The only reason I think it should be made RTwP is to avoid alienating some of the more retarded potential backers.
This appears to be the entire crux of your philosophy, since you repeated it a few times. I don't see it, I think you're confusing being different with being more complex and completely ignoring the limitations of the human brain, hence I don't think any of your conclusions drawn on this basis are correct.
Limitations of humans are so important. Run by computers, I don't doubt you could fashion RT systems as complex as TB systems. Run by humans, we simply can not give the same level of reasoned tactical input in things happening simultaneously as we can in things happening sequentially. That's why all "intellectual" games (in real life) are turn-based. That's why RTwP feels so messy.
Sequential design, meanwhile, isn't inherently less tactical, it's just inherently less realistic, for those interested in that tradeoff.
Not specific implementations, the very reason it exist.
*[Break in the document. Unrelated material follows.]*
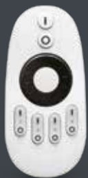
4 Kanal Handsender Mono

Handsender und Wandschalter zum Schalten von Monochromen, RGB und RGBW-Leuchten. Geeignet für Universal-LED-Steuerung und alle RGBW-Steuerboxen.

It started as a best of both worlds philosophy.
If you are hoping it becomes more some day, fine, but it hasn't yet. If it had, you'd have been able to cite an RPG as a positive example, but very tellingly you were only able to cite strategy games.
You're not exactly making a great case for RTwP being respect as is, right now.
Ugh. It's "good enough" in the same way Fallout combat is "good enough", as in I can bear it, but I don't exactly play the game for it (at least Fallout had its peripheral combat frills). I'd certainly hope Eternity and WL2 do better.
Making it RTwP because of potential backers is no different than making a game RT because it sells better. We're in Kickstarter to avoid that horseshit, not to run with it.